Agreed, I actually use ESET smart security on my xp system but when I build my new windows 7 rig I will running MSE, malwarebytes and windows firewall. All free.


----------



## LeftIsTrembling (Jul 1, 2007)

Avast vs. MSE, which is better?

The IT people in my building have not said good things about MSE to me in the past.


----------



## JMH3143 (Jun 18, 2012)

*Malwarebytes is highly recommended.

Avast is recommended by many. 

Make sure you use the appropriate uninstall tool to remove any current AV BEFORE installing your new Avast.*


----------



## LeftIsTrembling (Jul 1, 2007)

Is the AVAST pay version worth it or should I just go with the free version?


----------



## JMH3143 (Jun 18, 2012)

> Avast vs.

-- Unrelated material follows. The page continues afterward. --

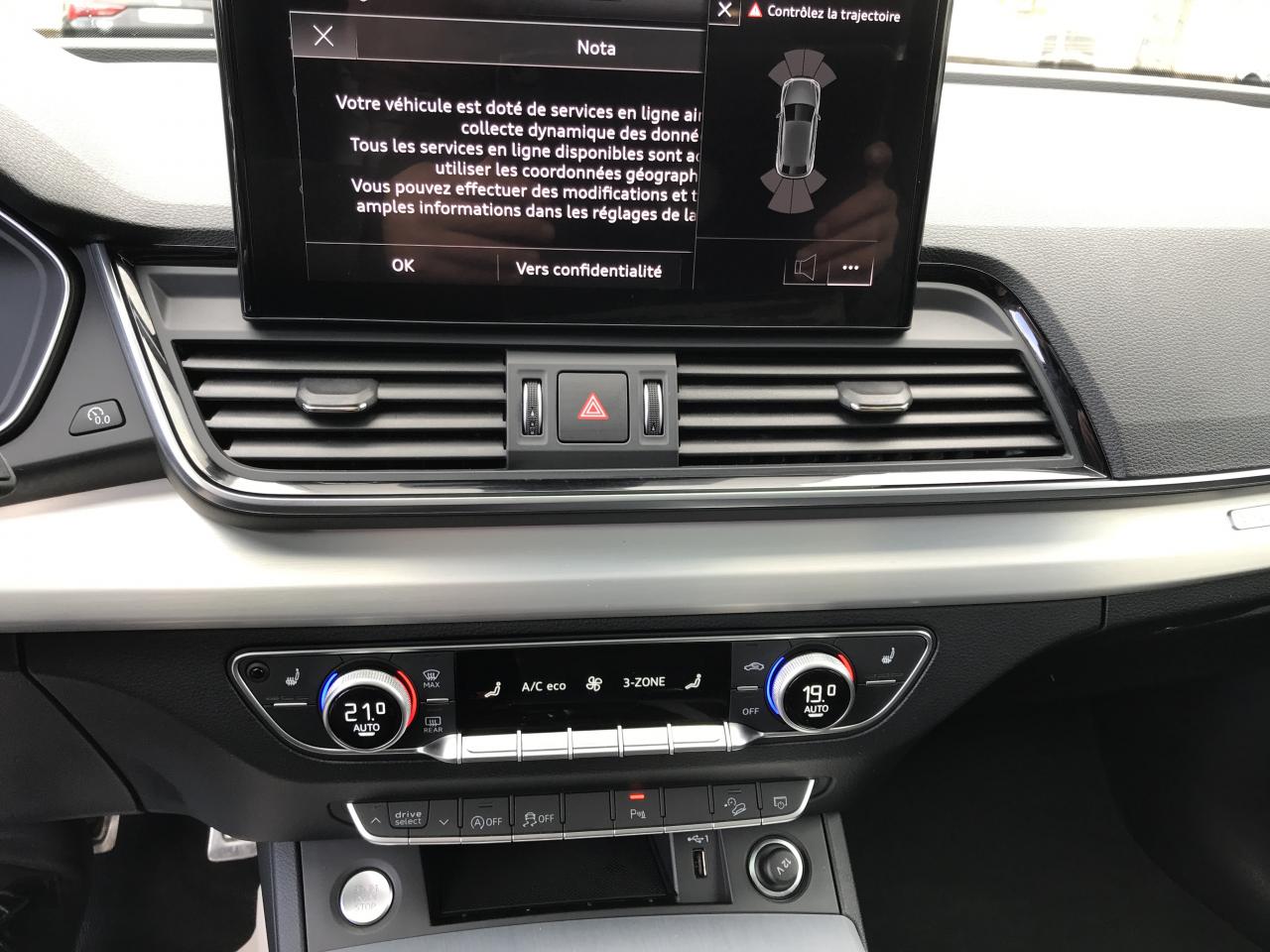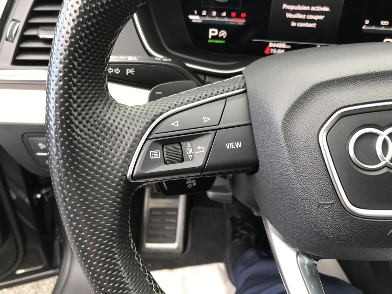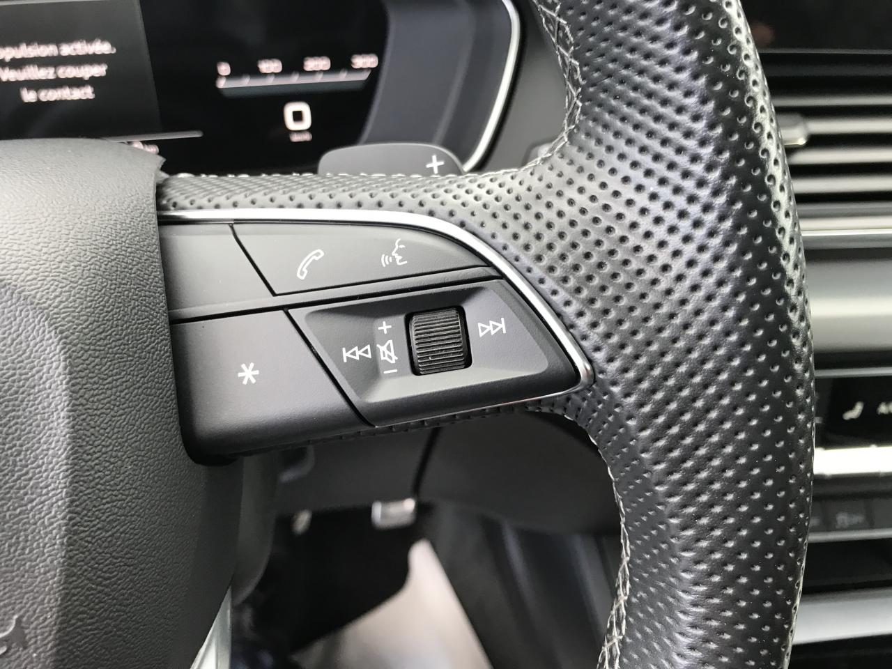 Technologie Mild HybridAccoudoir central AVAffichage de perte de pression des pneusAirbags latéraux AV avec système d'airbags de têteAppel d'urgence avec service Audi connect + commande de véhiculeApplications décoratives en Aluminium brossé matAudi connect avec carte SIM intégrée (e-SIM) et licence d'utilisation pour 3 ansAudi drive selectAudi Hold AssistAudi Parking System Plus: Système accoustique et visuel d'aide au stationnement AV et ARAudi Pre-Sense CityAudi Smartphone Interface (Apple CarPlay / Google Android Auto)Audi Sound System : amplificateurs 6 canaux, 10 HP dont 1 central dans le tableau de bord et 1 subwoofer, puissance totale 180 WAudi Virtual Cockpit PlusAugmentation de la capacité du réservoir à carburant à 70 litresBaguette le long du pavillon et sur les appuis de vitre en aluminium anodiséBanquette AR plusBoîte à gants verrouillableCaméra multifonctionCeintures de sécurité automatiques à 3 points pour tous les sièges, contrôle de port de ceinture AVCiel de pavillon en Tissu NoirClé Confort (Keyless entry) + Keyless goClimatisation automatique Confort 3 zonesColonne de direction de sécuritéCommande de désactivation de l'airbag passager AVDirection assistée électromécaniqueDispositif anti-erreur de carburantFilet dans le logement gauche du coffreFilet de coffreFilet de rangement au dos des sièges AVFinition extérieure S lineFixation pour sièges enfants ISOFIX et Top Tether pour les sièges extérieurs ARHayon de coffre assisté électriquement pour l'ouverture et la fermetureIdentification du modèle selon le nouveau marquage de puissanceInterface BluetoothLave-phares haute pressionMoulures de seuil avec insert en aluminium AV, éclairées, avec inscription SNavigation MMI plus avec MMI touchOutillage de bord (sans cric)Pédalier et repose-pied en acier inoxydablePare-soleil côtés conducteur et passager AVPorte-boissons dans l’accoudoir central ARPréparation pour crochet d'attelageProtection antidémarrage électroniqueRéception radio numérique (DAB) ajoute à l'offre de radios analogiques la réception des stations numériques avec une meilleurs qualité sonore, incluant DAB+ et DMB AudioRégulateur de vitesse incluant limiteur de vitesseRéservoir d'AdBlue à 24 litresRétroviseur intérieur jour/nuit automatique sans encadrement (Frameless)Rétroviseurs extérieurs avec clignotants à LED intégrés couleur carrosserieRétroviseurs extérieurs réglables et escamotables électriquement, jour/nuit automatique, dégivrants des deux côtés et buses de lave-glaces dégivrantesRevêtement noir brillant sur les montants de pavillon centraux et les triangles de portières ARSécurité enfants manuelleSangle de serrage à droite dans le coffreSangle de serrage à gauche et à droite dans le coffreSièges AV réglables manuellement en hauteur et en profondeur ; réglage manuel des appuie-tête en hauteurSièges Sport à l'AVSuppression des rampes de pavillonSurfaces d'accentuation façon verre en NoirSystème Start/StopTapis complémentaires AV/ARTapis de coffre à bagagesTire Mobility SystemTrousse de secours et triangle de présignalisationVide-poches côté conducteurVitres AR surteintées (Vitrage Privacy)Vitres athermiquesVolant Sport contour en Cuir style 3 branches aplati en bas avec multifonction plus avec palettes de changement de vitesses

MSE, which is better?
> 
> The IT people in my building have not said good things about MSE to me in the past.


*
Personal opinions will ALWAYS vary re what is the best & why.
We can only give opinions which are not always based on logic.

Suggest you try one { trial the free versions}, if not satisfied, try another.

TIP > Always remember to use the appropriate uninstall tool when removing AV...
*


----------



## LeftIsTrembling (Jul 1, 2007)

Would it be advisable to run the Safety Scanner before doing anything?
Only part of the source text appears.